Doors Keyboardist Ray Manzarek on New Doc, Old Influences and Oliver Stone's Folly
Welcome back to Moment of Truth, Movieline's weekly spotlight on the best in nonfiction cinema. This week, we hear from Doors keyboardist Ray Manzarek about the band's new documentary When You're Strange, which opens Friday in limited release.
For a rock band whose filmed legacy includes at least a dozen concert and video compilations -- not to mention a full-scale Hollywood biopic -- it's not just a little bizarre that The Doors were never the subject of a feature documentary until now. Enter When You're Strange, director Tom DiCillo's fairly straightforward doc (narrated by Johnny Depp) interweaving archival performance and interview footage with extended, never-before-seen footage of late vocalist Jim Morrison's own experimental film, HWY: An American Pastoral. Some of it looks like it was shot yesterday, reinforcing Morrison's enduring mythology as a half-martyr, half-ghost whose mission is carried forward here by surviving members Ray Manzarek, Robby Krieger and John Densmore. In a candid, freewheeling discussion recently with Movieline, Manzarek explained the film's mission, the Doors' cinematic influences, Oliver Stone's blundering and how making a movie is like "World War III."
How did we not have a feature-length documentary about The Doors until today?
Well, The Doors move in their own time frame -- in their own sphere. Better now than 20 years ago, because if he had it 20 years ago, there wouldn't be anything new to put out today. So here we are with a brand-new Doors documentary -- stuff you've never seen before, telling the story of The Doors to all those people in the 21st century who might not be aware of Jim Morrison, The Doors, or "Light My Fire." Though I don't know who they might be.
How and when were you approached for When You're Strange, and what was your first impression of the project?
We were first approached by Dick Wolf Productions, and we said, "Yes, man. Let's do it. Let's put a documentary together." He had done a couple of documentaries -- he won an Academy Award with the one about the firefighters in 9/11, a couple of brothers [Twin Towers] who didn't make it. So he was into documentary films and wanted to make a feature-length. He had been a Doors fan ages ago, since back when we actually booked the Doors in college. We said, "Hey, sounds like a great idea! Let's do it." He had a great director in Tom DiCillo; we talked to Tom, and his ideas were terrific, especially [his] framing it with Jim Morrison being dead and yet driving that car -- that reference to shamanism, or the shaman being able to work beyond space and time. In essence, Jim being alive kind of flip-flops the idea of death and makes it a different experience entirely. So that was about three or four years ago. And we said, "Sounds good, man."
The archival and short-film footage is quite revealing.
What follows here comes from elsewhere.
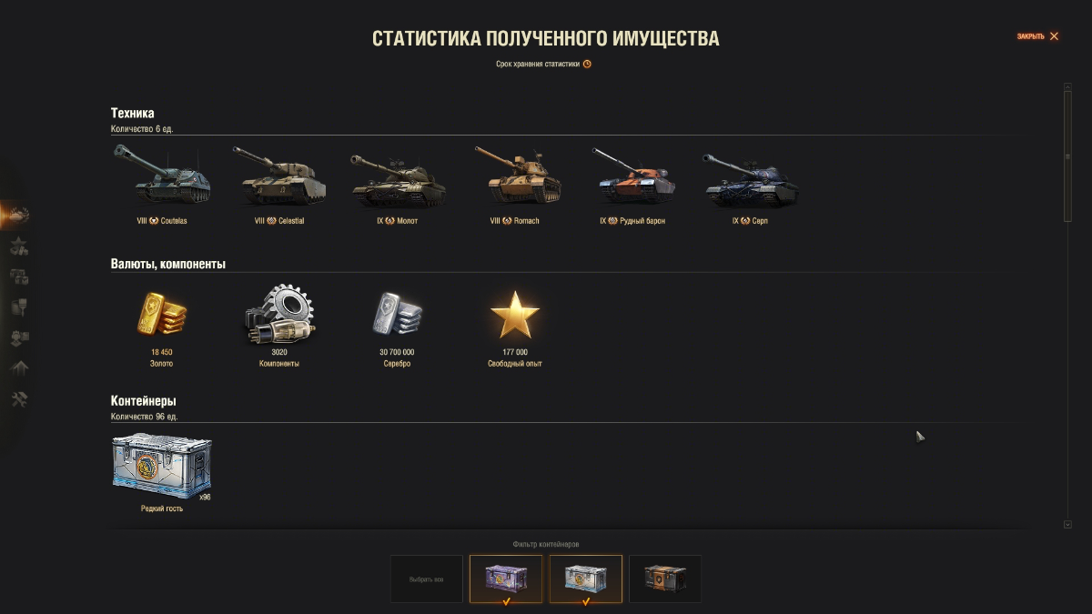 bubabumm Опубликовано: 15 апреля Игроки 104 публикации 21 556 боёв Поделиться Опубликовано: 15 апреля 1 минуту назад пользователь byt_ili_ne_byt сказал: На форуме вначале есть ответы. Одесский шум этот шанс или нет без понятия, всем по разному выпадает, мне Бурза выпала примерно с 25го редкого контейнера, прошел прогрессию Восток и покупал 7 контейнеров ежедневно за серебро и опыт в течении недели, за рубли купил 5 контейнеров за 117руб + 25 контейнеров за 3750 золота. мне тоже выпало. я открыл более 50 контейнеров, но это не отменяет того факта, что такое количество "пустых" открытий аномально и не правильно. Ссылка на комментарий

What was new, and what role did you play in its unearthing?
We've had the footage in storage, in one of those temperature-controlled storage vaults in Hollywood like you should do with all your film and all your tapes. It was there. It had been sitting there waiting to go to work -- in cold storage. The footage said, "Any time you want to use us, we're in shape here. We just need some processing." We had everything archived and just went to work on it.
The long tail of The Doors goes on for decades, as most fans know, but When You're Strange chooses to focus on the specific years the band was active. What's left to tell of the band's legacy, perhaps?
You want me to tell you another story? "What's next, Ray?" That story will be the philosophical antecedents of The Doors.
You don't say.
Yes. What is the philosophy of The Doors? What is cosmic consciousness? What does that mean? What is opening "the doors of perception." What does that mean? How does it manifest itself in Doors music, and where does The Doors' music come from. What are Jim's poetry influences, Ray and Robby's musical influences, and John Densmore's drum influences. Who are those people, how do they influence The Doors, and what is the philosophy? That'll be the next thing. That would be sort of intellectual, though. This is a very exciting documentary for people who both know The Doors and as a great introduction to The Doors.
For people who know The Doors, though, would you address the legacy? The fractiousness in recent years, for example -- would you cooperate with telling that story?
Well, that's a possibility. I hadn't thought about it, but it sounds good to me.
There's some drama there! It's a real story. You guys are like brothers.
Yeah, I agree. I mean, we could be doing a contemporary rock-and-roll version of The Brothers Karamazov. You know? Let's do Dostoevsky, man! What the f*ck?